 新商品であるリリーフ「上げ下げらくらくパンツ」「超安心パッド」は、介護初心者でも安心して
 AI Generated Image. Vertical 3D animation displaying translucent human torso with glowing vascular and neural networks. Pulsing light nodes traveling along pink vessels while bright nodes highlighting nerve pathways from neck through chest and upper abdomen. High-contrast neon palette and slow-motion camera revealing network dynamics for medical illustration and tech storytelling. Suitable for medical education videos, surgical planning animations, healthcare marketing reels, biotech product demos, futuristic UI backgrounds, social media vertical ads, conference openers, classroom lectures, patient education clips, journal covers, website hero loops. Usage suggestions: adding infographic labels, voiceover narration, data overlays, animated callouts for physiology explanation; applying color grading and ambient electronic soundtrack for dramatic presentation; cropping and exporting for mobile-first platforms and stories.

####################

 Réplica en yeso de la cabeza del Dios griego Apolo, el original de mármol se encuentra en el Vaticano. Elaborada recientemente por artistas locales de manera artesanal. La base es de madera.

####################

** Task requirements **
Take the lines above from the one containing "新商品であるリリーフ「上げ下" to the one containing "AI Generated Image." and retype them exactly, both ends included, with nothing added.

** Task solution **
 新商品であるリリーフ「上げ下げらくらくパンツ」「超安心パッド」は、介護初心者でも安心して
 AI Generated Image. Vertical 3D animation displaying translucent human torso with glowing vascular and neural networks. Pulsing light nodes traveling along pink vessels while bright nodes highlighting nerve pathways from neck through chest and upper abdomen. High-contrast neon palette and slow-motion camera revealing network dynamics for medical illustration and tech storytelling. Suitable for medical education videos, surgical planning animations, healthcare marketing reels, biotech product demos, futuristic UI backgrounds, social media vertical ads, conference openers, classroom lectures, patient education clips, journal covers, website hero loops. Usage suggestions: adding infographic labels, voiceover narration, data overlays, animated callouts for physiology explanation; applying color grading and ambient electronic soundtrack for dramatic presentation; cropping and exporting for mobile-first platforms and stories.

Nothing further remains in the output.